Nel 1978, un proctologo di Monaco di Baviera di nome Dr. Friedrich Hartman ricevette un paziente che avrebbe cambiato la sua visione della storia clinica. L’uomo aveva 68 anni. Si era presentato per un consulto per un dolore cronico, un dolore che si portava dietro da oltre 35 anni. Un dolore che rendeva ogni visita al bagno un calvario, un dolore di cui non aveva mai parlato con nessuno.

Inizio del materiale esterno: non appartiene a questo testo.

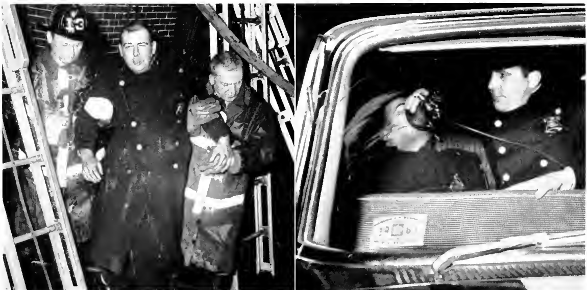
HEROIC OFFICER AIDED AFTER RESCUING THREE

It will be noted that a comparison with the annual report submitted in the year 1960 shows that the juvenile pattern has taken a downward trend in the City of Boston, when it is public knowledge that the trend is upward in the greater part of the country today.

“Mi fa male quando evacuo”, disse semplicemente. “Mi fa male dal 1943”. Il dottor Hartman procedette con l’esame. Ciò che scoprì lo lasciò senza parole. L’interno del corpo di quest’uomo portava tracce di vecchi traumi, cicatrici, deformazioni, danni che non erano affatto naturali, danni che potevano essere stati causati solo da violenza deliberata, ripetuta e metodica.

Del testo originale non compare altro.